- Born: August 13, 1978 Memphis, Tennessee, US
- Died: December 31, 2005 (aged 27)
- Occupation: Drag queen

= Tandi Iman Dupree =

American drag queen

Tandi Iman Dupree (August 14, 1978 - December 31, 2005) was an American drag queen best known for her "Wonder Woman" performance to "Holding Out for a Hero" at the Miss Gay Black America pageant in 2001, the video of which went on to become an Internet viral hit after it was uploaded to YouTube in 2009.

==Biography==
Dupree was born and raised in Memphis, Tennessee. Dupree began her dance career in high school when she was co-captain of the majorette squad until her graduation. She first began competing at the N-Cognito nightclub in Memphis, where she created original routines with other dancers in the area. Dupree's drag mother was Tamisha Iman. Dupree died from complications of AIDS in December 2005.

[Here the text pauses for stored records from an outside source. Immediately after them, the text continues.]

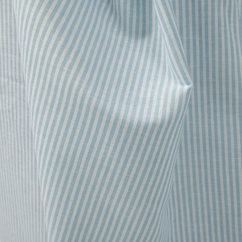 Široká ľanovo-bavlnená látka v bielych a svetlotyrkysových pruhoch
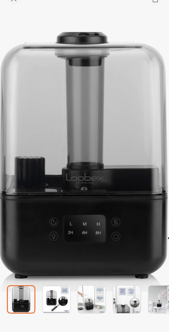 Loobex siyah hava temizleyici ve nemlendirici, M, 2H ve 4H zamanlayıcı ayarlarıyla kullanımı kolay, modern tasarıma sahiptir. ️
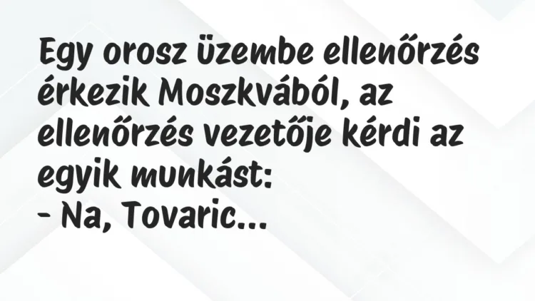 Egy orosz üzembe ellenőrzés érkezik Moszkvából, az ellenőrzés vezetője kérdi az egyik munkást:
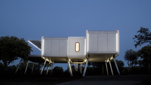 ส่วนกลางคือห้องครัวและห้องน้ำ นั้นเปรียบเสมือนสะพานเดินเรือ เพราะแผงควบคุมที่ได้แรงบันดาลใจมาจาก Star wars ตั้งอยู่ในส่วนนี้ ผู้อยู่อาศัยสามารถสั่งการทุกอย่างในบ้านได้ทั้งหมด
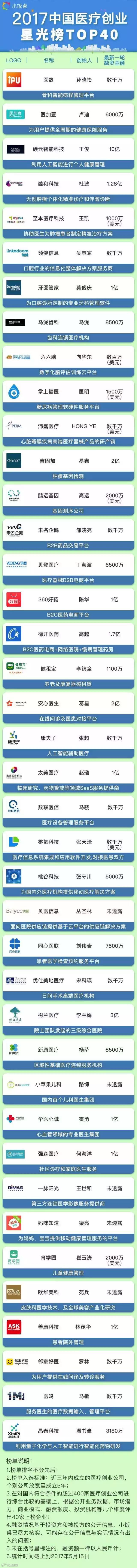 我们对近几年成立的超过400家医疗健康创业公司进行了研究和数据调研,综合商业模式、业务数据、技术创新、未来成长空间等多维度,从中评选出了2017中国医疗创业星光榜TOP40。
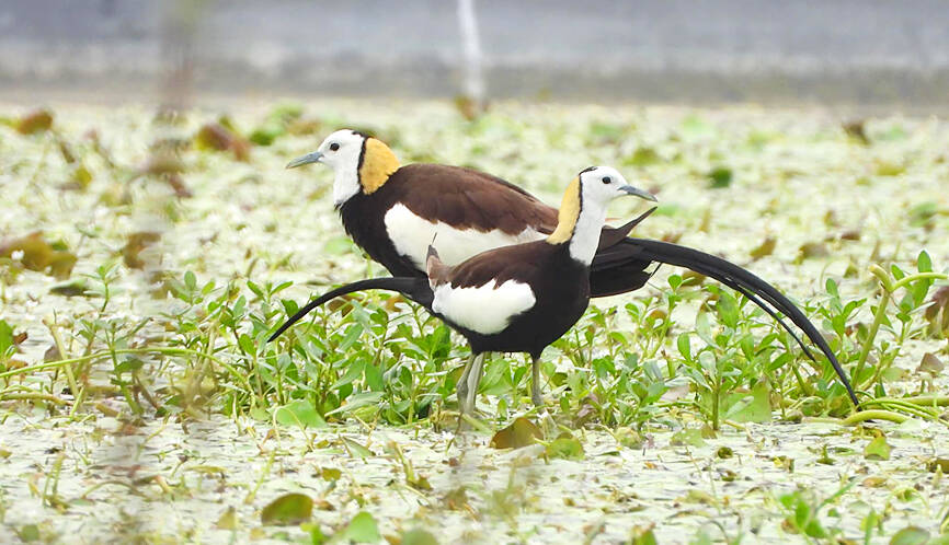 The number of pheasant-tailed jacanas dropped to about 50 nationwide in 2000, but through restoration efforts over the years, the number has climbed to nearly 10,000, Kaohsiung Wild Bird Society president Chuang Ching-fu (莊清富) said.
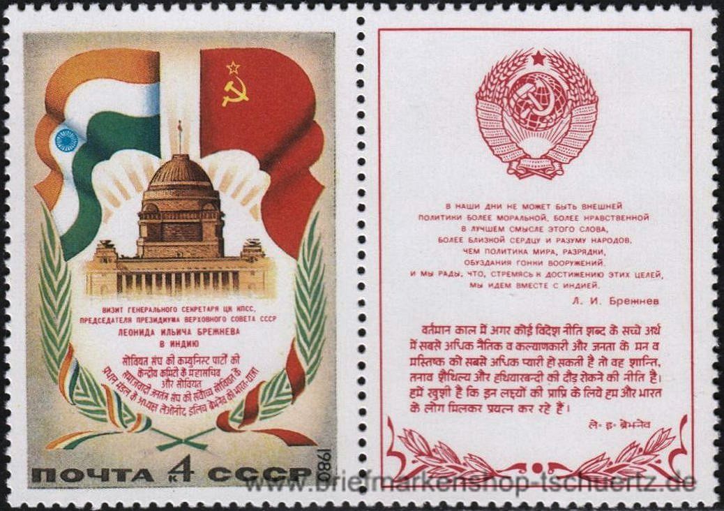 1980, Besuch von Breschnew in IndienSatz (1 W.), Marke mit Zierfeld, postfrisch
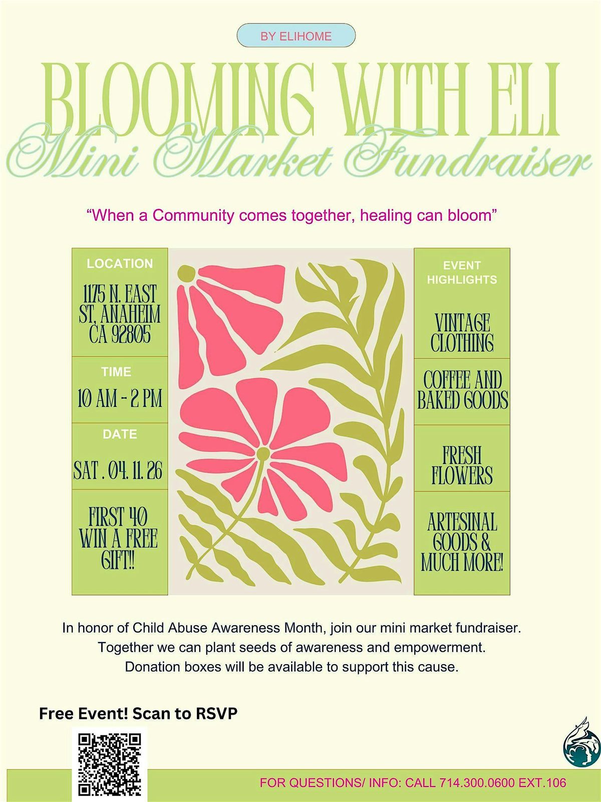Join us for Blooming with Eli, a community Mini Market Fundraiser bringing people together to shop local, support youth, and raise awareness for Child Abuse Awareness Month.

==2001 Miss Gay Black America pageant==
At the 2001 Miss Gay Black America pageant, Dupree and her dance partner Dee St. James performed a routine to the song "Holding Out for a Hero" by Bonnie Tyler. During the performance, Dupree was dressed as Wonder Woman, with St. James dressed as Superman. Dupree notably entered the performance by dropping from the ceiling, landing on the stage, breaking the heel of her shoe in a split. In 2009, this video was uploaded to YouTube, where it went viral.

==Accolades==
Jake Coyle, an entertainment reporter for The Associated Press, described Dupree’s stage entrance at the 2001 pageant as the greatest entrance of all time.

The Dallas Voice expressed admiration for Dupree’s performance at the 2001 pageant, particularly describing the stage entrance as the "Best Drag Queen Entrance Ever."

==Influence on popular culture==
Dupree's performance at the 2001 pageant inspired a tribute on the television series Glee, where Kitty Wilde began her dance performance to "Holding Out for a Hero" by landing on the floor in a split, an imitation of Dupree's performance at the 2001 pageant. In its review of the Glee episode, Out magazine referred to Dupree's stage entry as an "epic entrance."

Dupree's performance was referenced in episode three of the thirteenth season of RuPaul's Drag Race, in which Dupree's drag mother, Tamisha Iman, is a competitor. Kate Kulzick of The AV Club described the acknowledgement of Dupree's legacy as "wonderful to see".